Print word for word the first line of the listing below and every line after it, through the line with "[10 월개강] 요즘 핫한 병원동행매니저 + 통합생활지원사 자격증 강좌!". Leave out the pictures and the rest.

Collected data ▸
---*---

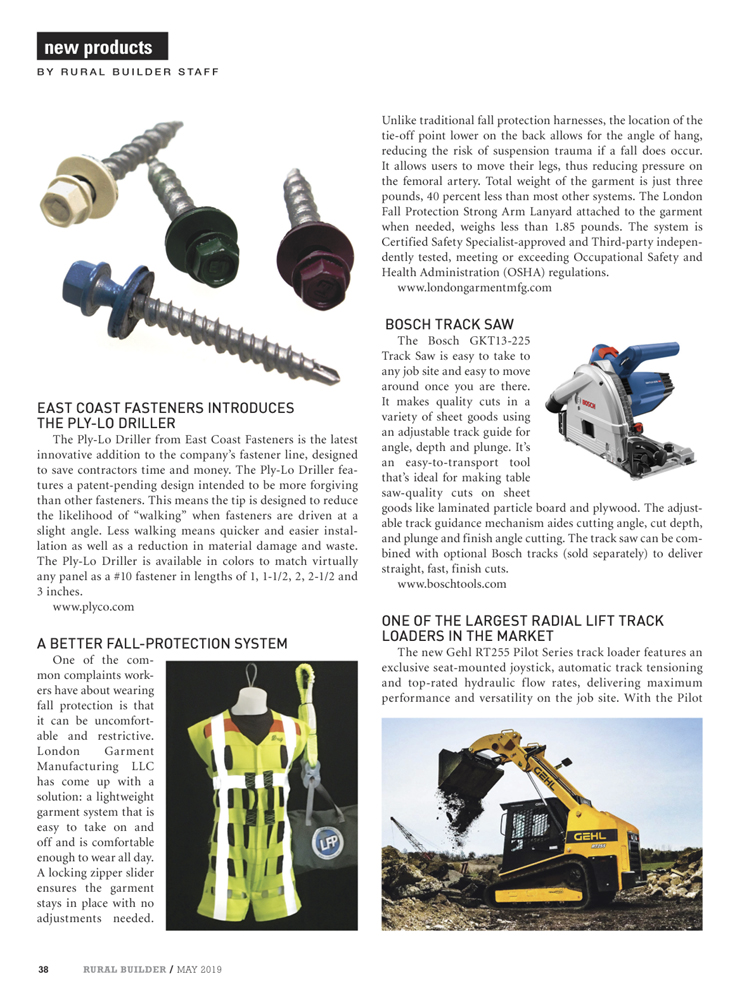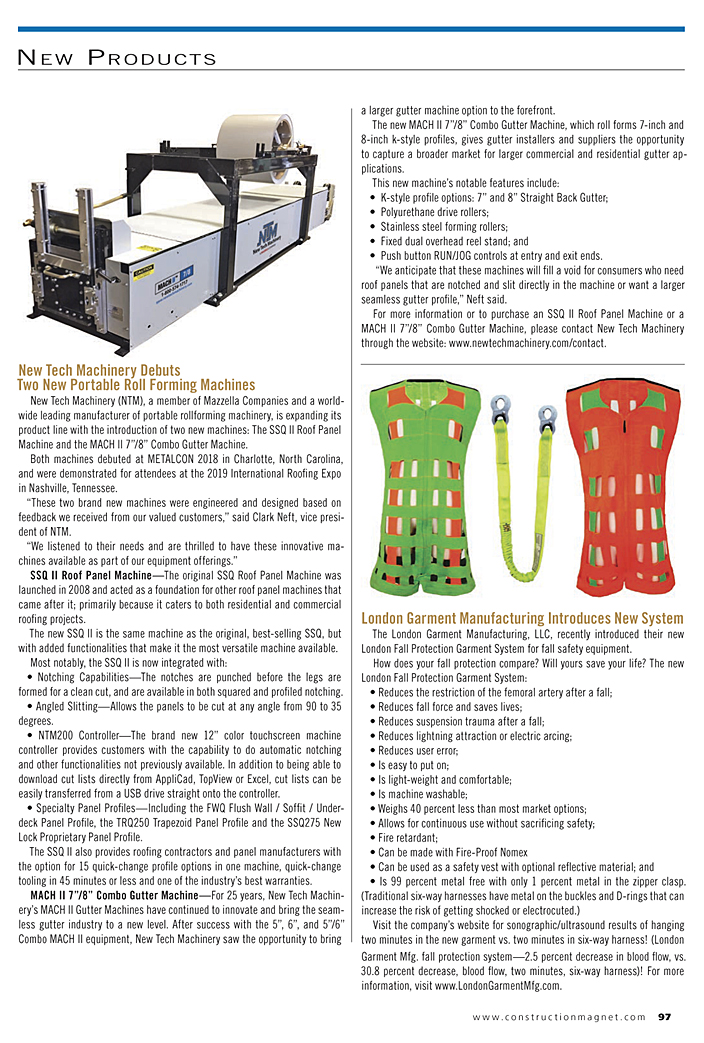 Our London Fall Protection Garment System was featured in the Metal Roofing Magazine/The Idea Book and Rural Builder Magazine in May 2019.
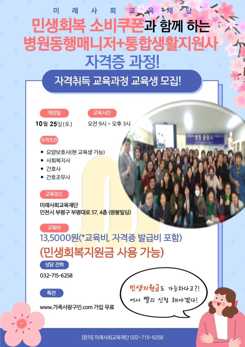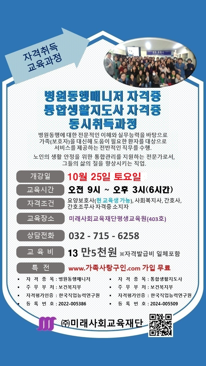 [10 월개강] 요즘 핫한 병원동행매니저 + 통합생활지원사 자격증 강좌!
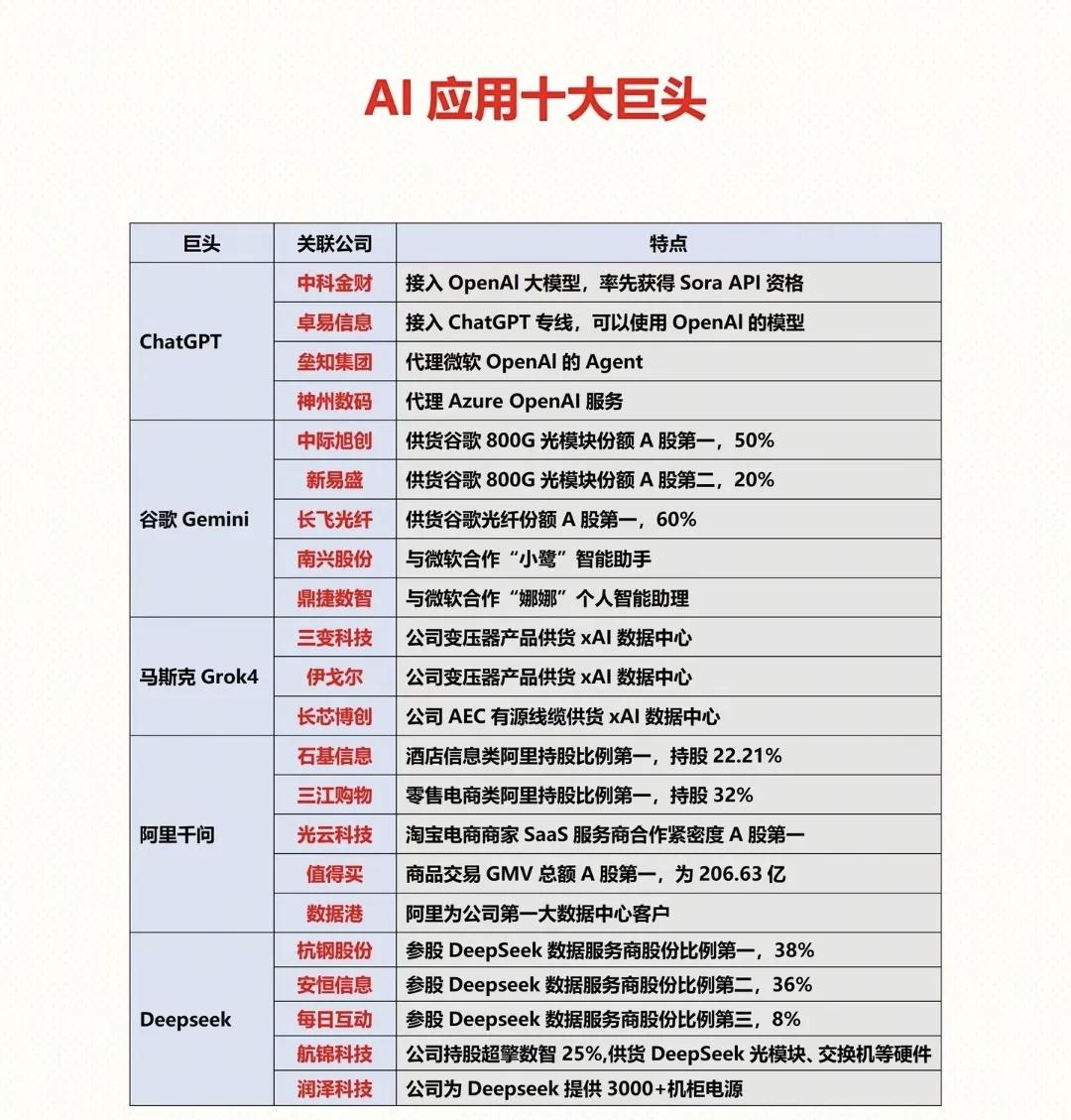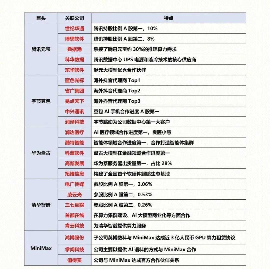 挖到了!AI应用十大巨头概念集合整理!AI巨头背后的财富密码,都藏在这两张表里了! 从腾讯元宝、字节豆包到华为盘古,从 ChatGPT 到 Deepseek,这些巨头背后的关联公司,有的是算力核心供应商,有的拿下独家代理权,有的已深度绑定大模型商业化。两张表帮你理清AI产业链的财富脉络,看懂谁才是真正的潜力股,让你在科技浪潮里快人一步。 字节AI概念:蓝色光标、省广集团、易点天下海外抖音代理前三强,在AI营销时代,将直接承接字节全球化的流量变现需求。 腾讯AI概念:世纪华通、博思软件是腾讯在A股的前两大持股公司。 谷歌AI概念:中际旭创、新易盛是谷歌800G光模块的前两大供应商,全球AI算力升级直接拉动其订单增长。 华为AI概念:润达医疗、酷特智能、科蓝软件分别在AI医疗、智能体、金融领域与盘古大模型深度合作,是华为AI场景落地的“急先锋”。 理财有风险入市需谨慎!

---*---

Solved problem ▸
 Our London Fall Protection Garment System was featured in the Metal Roofing Magazine/The Idea Book and Rural Builder Magazine in May 2019.
 [10 월개강] 요즘 핫한 병원동행매니저 + 통합생활지원사 자격증 강좌!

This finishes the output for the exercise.